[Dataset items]
--- START ---
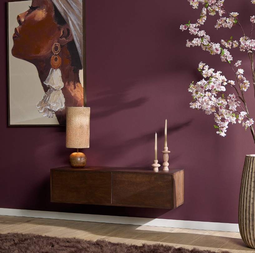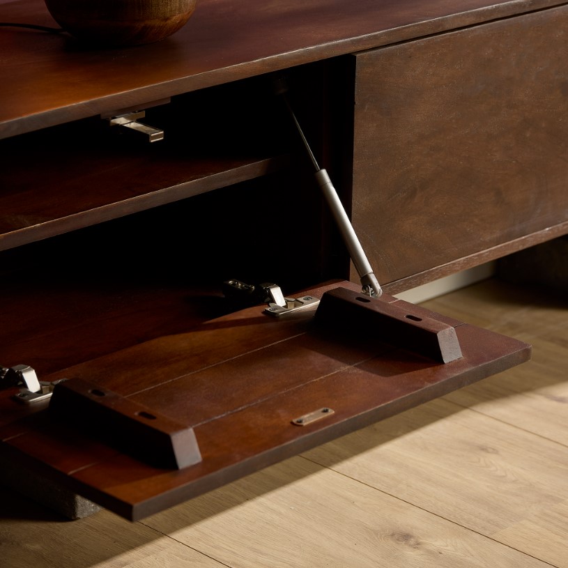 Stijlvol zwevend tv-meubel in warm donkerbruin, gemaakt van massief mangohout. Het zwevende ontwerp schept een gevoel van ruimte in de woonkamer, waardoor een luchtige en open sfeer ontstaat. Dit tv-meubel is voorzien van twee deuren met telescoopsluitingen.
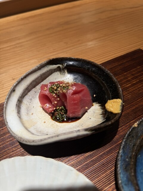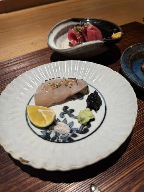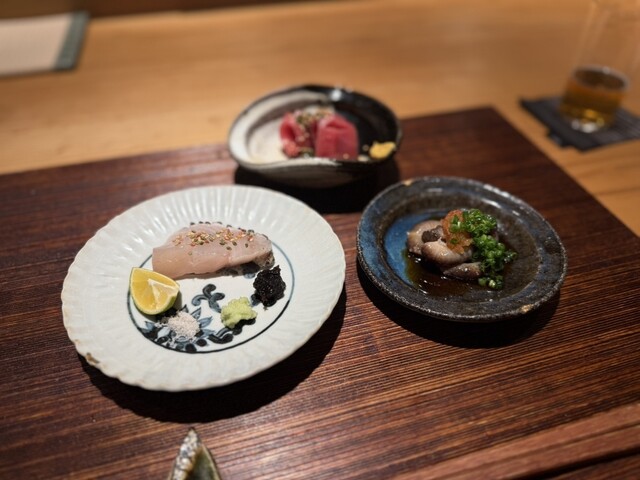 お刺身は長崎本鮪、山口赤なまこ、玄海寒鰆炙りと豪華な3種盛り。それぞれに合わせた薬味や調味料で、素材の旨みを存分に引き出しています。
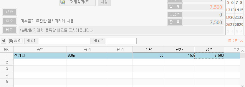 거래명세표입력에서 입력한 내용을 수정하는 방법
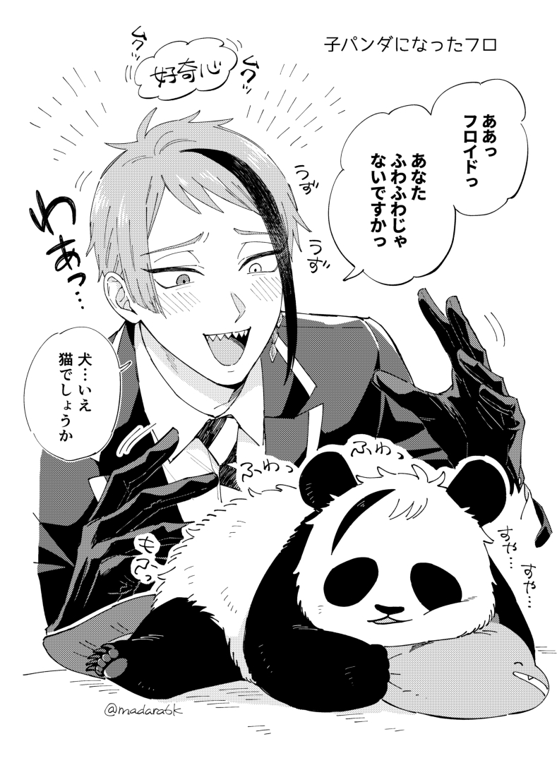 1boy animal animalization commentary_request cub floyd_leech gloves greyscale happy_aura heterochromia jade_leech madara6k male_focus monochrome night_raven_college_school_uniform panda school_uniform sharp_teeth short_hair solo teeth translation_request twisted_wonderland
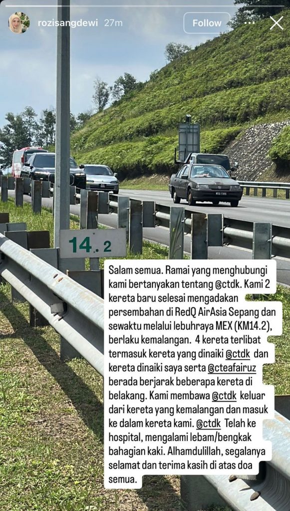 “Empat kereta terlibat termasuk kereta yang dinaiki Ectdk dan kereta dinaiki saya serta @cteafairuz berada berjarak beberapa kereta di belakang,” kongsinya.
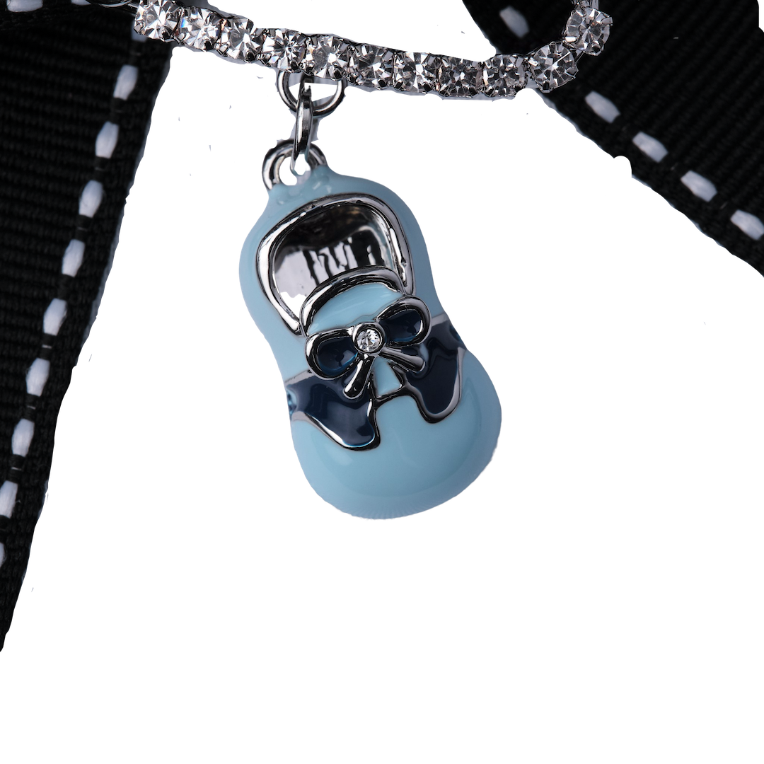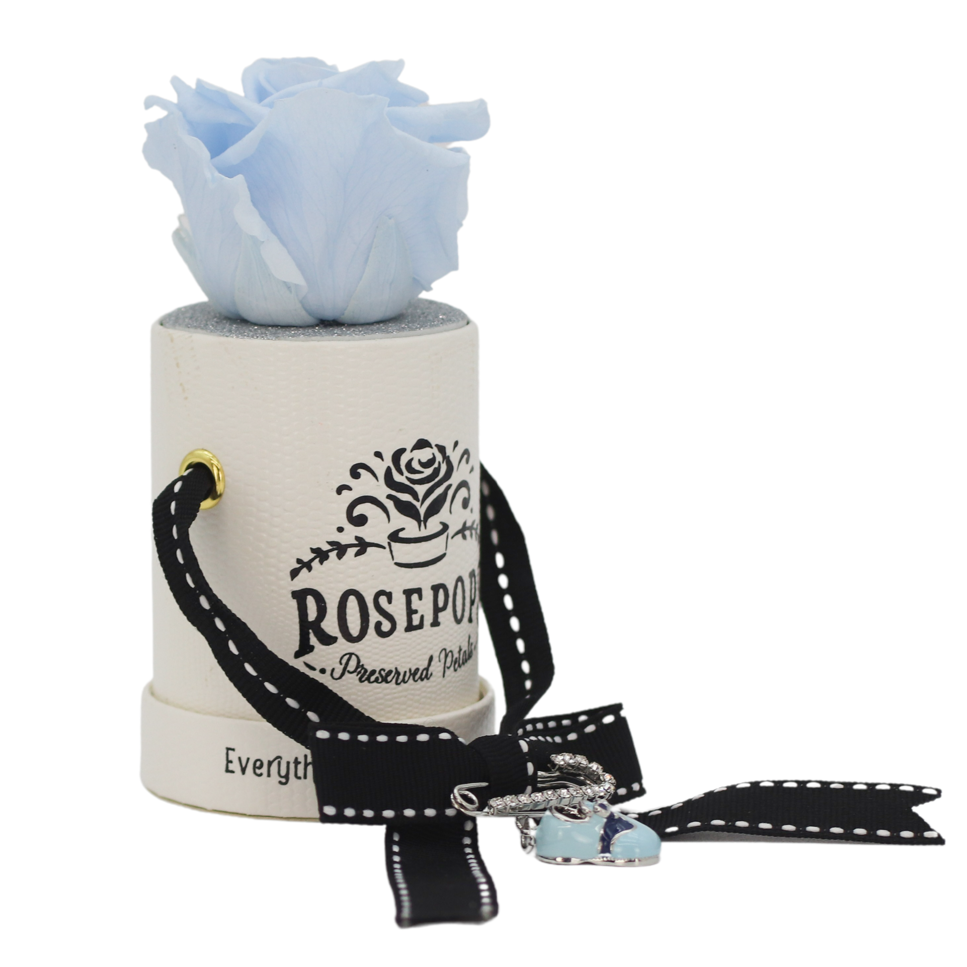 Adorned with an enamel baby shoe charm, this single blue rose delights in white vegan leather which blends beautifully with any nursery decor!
--- END ---
- _PROMPT_
Pictures are to be left out when the lines from the one containing "거래명세표입력에서 입력한 내용을 수정하는 방법" through the end of the records above are repeated exactly; no other line is wanted.

- _TASK SOLUTION_
 거래명세표입력에서 입력한 내용을 수정하는 방법
 1boy animal animalization commentary_request cub floyd_leech gloves greyscale happy_aura heterochromia jade_leech madara6k male_focus monochrome night_raven_college_school_uniform panda school_uniform sharp_teeth short_hair solo teeth translation_request twisted_wonderland
 “Empat kereta terlibat termasuk kereta yang dinaiki Ectdk dan kereta dinaiki saya serta @cteafairuz berada berjarak beberapa kereta di belakang,” kongsinya.
 Adorned with an enamel baby shoe charm, this single blue rose delights in white vegan leather which blends beautifully with any nursery decor!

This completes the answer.